Endurance testing of aerospace materials exposed to solar ultraviolet light

In fusion research, materials are pushed hard, measured precisely, and rarely given a second chance. At ENEA’s Eccimeri Laboratory in Frascati, that culture produced a UV irradiation capability designed for demanding plasma related work, where source stability, calibration, diagnostics and control matter at every step. Today, that same know how is helping the space industry answer a very different question, one with equally high stakes, how long can advanced materials survive unfiltered solar ultraviolet light in orbit.

The technology transfer brought ENEA’s ultraviolet irradiation expertise to Beamide srl, a spin off of INFN working on advanced materials for space applications. The transfer focused on endurance testing in the 200 to 400 nm range, with accelerated doses equivalent to up to 3,000 hours of extra atmospheric solar exposure. This was not a simple lab test. It combined dose calculation, detector calibration, spatial intensity mapping, continuous monitoring of UV intensity and sample temperature, and thermal management in vacuum and helium atmosphere.

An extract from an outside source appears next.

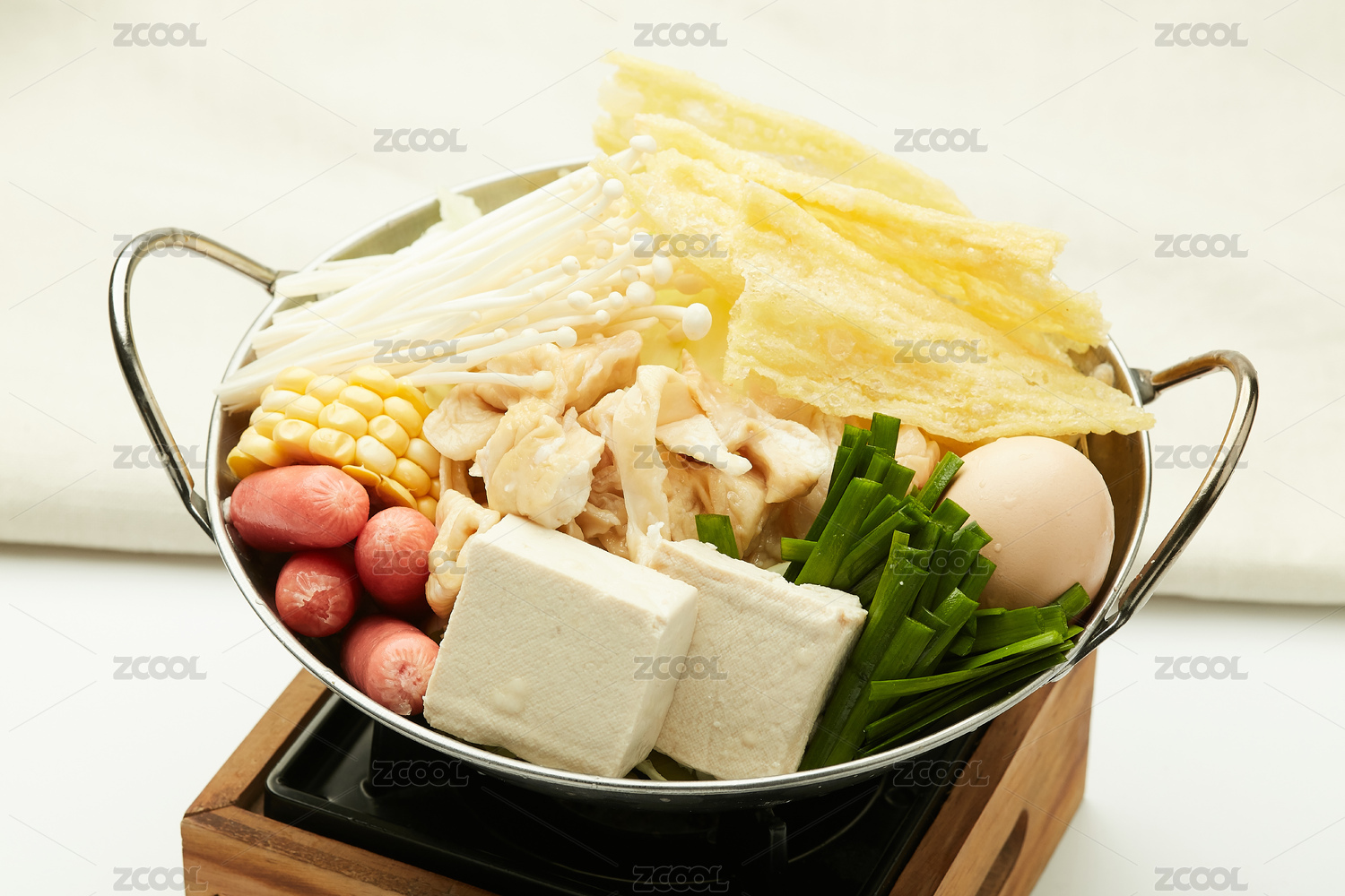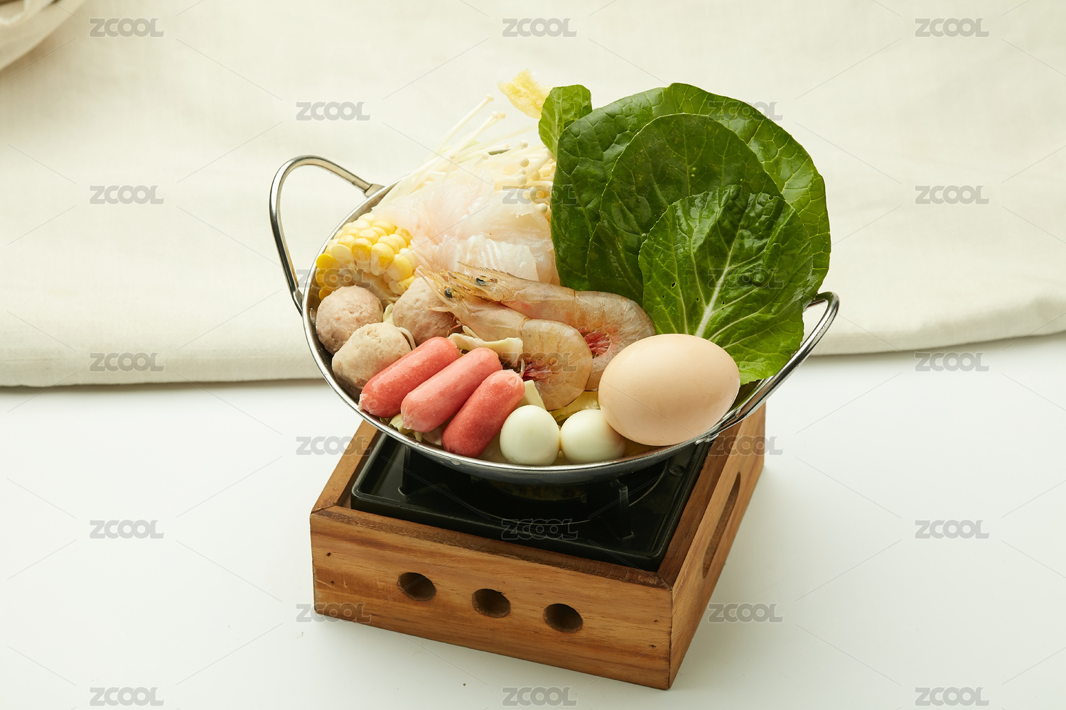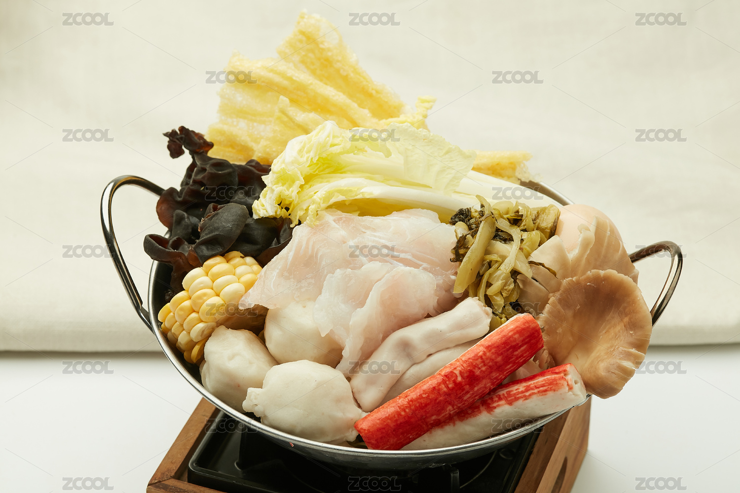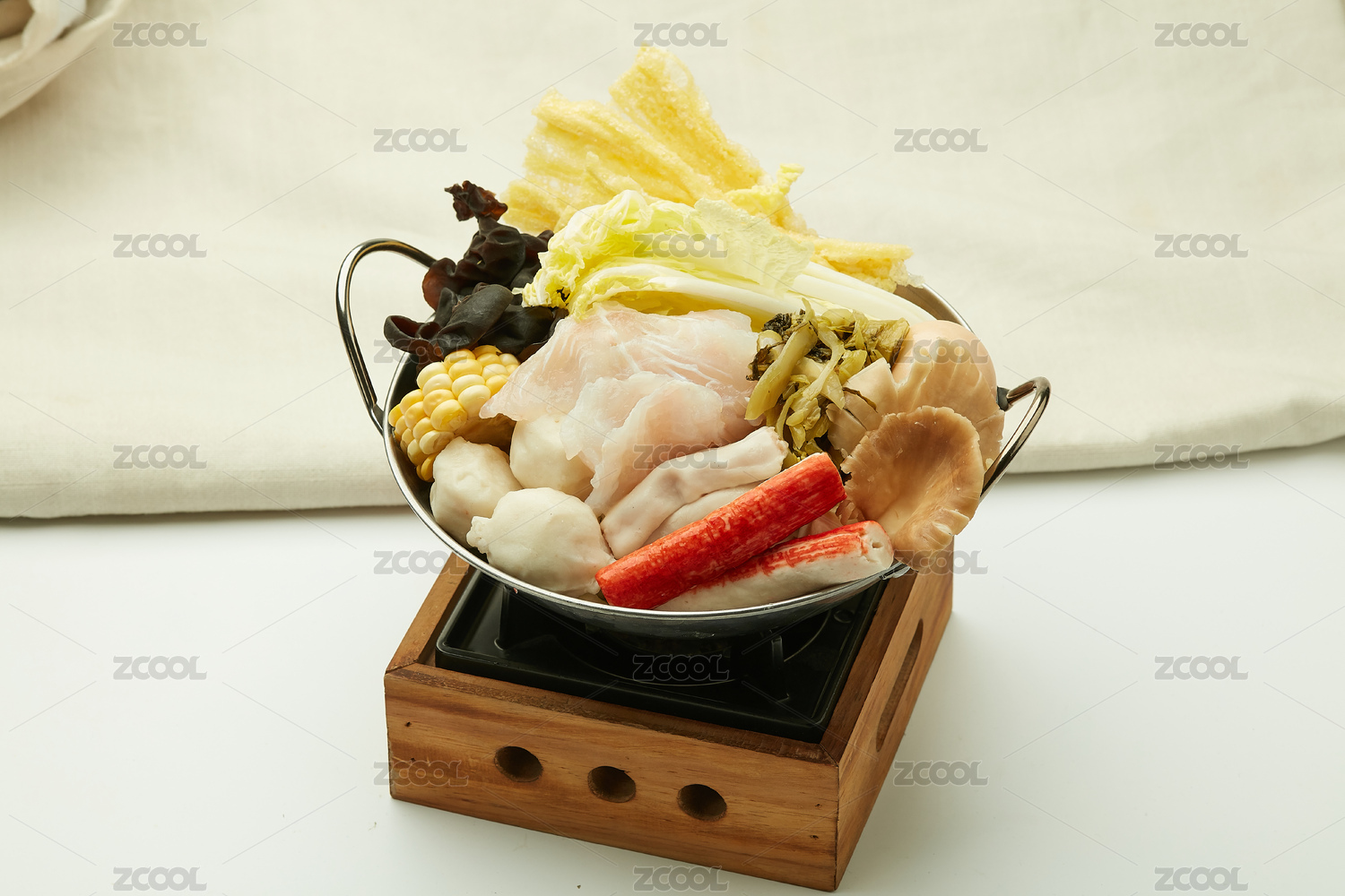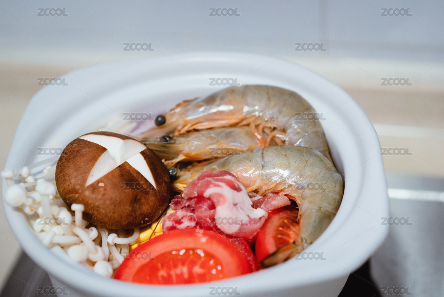 日式海鮮壽喜鍋食材放在白色陶瓷鍋內(nèi)

The first industrial use came in projects developing a new generation of optical solar reflectors for spacecraft thermal control. These passive components play a central role in keeping satellites within their operating temperature window. ENEA’s facility was used to irradiate the coatings for 1,500 equivalent sun hours, in line with ESA and ECSS requirements. The same platform was later used to test transparent hybrid materials intended as substrates for secondary surface mirrors in space telescopes, this time with exposures lasting 3,000 equivalent sun hours.

Before and after 14 days of UV irradiation. On the left, the samples before exposure. On the right, the same samples after exposure, revealing visible changes in colour, surface appearance and material stability.

What made the transfer valuable was not only the irradiation itself, but the quality of the evidence produced around it. Two dimensional intensity mapping, supported by calibrated detectors and periodic sample repositioning, improved dose uniformity across the exposed materials. Automatic 24 hour monitoring ensured full traceability throughout long campaigns. The water cooled vacuum chamber, combined with helium thermal management, kept temperatures under control during prolonged exposure while also protecting samples from oxygen contamination.

Irradiation set-up

For Beamide, that precision changed the decision making process. The tests showed clearly, for example, how oxygen accelerates yellowing and delamination, information that directly supports material selection and process choices for optical components. In space hardware, a small degradation can compromise performance after launch. Having reliable qualification data before that point reduces risk, saves development time, and strengthens confidence in the final design.

For ENEA, the project did something equally important. It turned a fusion derived experimental capability into a reusable turnkey UV test bench, with established procedures, calibrations, mapping routines and remote control. A new irradiation source was also developed to better match the extra atmospheric solar UV spectrum, increasing the relevance of future campaigns for industrial users.

This is what successful technology transfer looks like in practice. A facility built around fusion grade rigor moves into aerospace, not by changing its standards, but by proving that those standards create value far beyond fusion. In Frascati, the same discipline used to understand extreme environments is now helping space materials face one of the harshest ones, the Sun itself.